» **What this task involves**:
Under this line are the records; write out word for word the part that begins at the line containing "1861 y 2001 |" and ends at the line containing "ตาวัย 74 ปี เครียดปีนเสาไฟฟ้าแรงสูง", and no more.

» **Data shown**:
━━━━━━━━━━━━━━━━

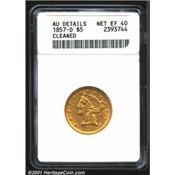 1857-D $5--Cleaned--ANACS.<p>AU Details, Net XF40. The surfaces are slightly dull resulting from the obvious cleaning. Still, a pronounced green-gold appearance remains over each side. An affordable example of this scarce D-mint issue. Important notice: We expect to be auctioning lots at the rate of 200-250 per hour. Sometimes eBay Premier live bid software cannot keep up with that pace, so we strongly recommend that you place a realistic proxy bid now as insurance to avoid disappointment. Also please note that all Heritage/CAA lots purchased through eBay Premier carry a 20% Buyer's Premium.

━━━━━━━━━━━━━━━━

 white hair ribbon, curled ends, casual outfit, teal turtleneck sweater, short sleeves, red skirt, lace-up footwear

━━━━━━━━━━━━━━━━

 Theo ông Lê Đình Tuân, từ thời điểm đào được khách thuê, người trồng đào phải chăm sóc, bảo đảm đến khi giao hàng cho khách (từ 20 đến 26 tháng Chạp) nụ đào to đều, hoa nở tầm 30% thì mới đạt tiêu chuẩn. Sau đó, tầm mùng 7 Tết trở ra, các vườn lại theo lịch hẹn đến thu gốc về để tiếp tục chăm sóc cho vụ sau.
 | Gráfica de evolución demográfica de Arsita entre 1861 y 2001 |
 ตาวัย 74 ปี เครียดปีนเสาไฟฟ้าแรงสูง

━━━━━━━━━━━━━━━━

» **Written solution**:
 | Gráfica de evolución demográfica de Arsita entre 1861 y 2001 |
 ตาวัย 74 ปี เครียดปีนเสาไฟฟ้าแรงสูง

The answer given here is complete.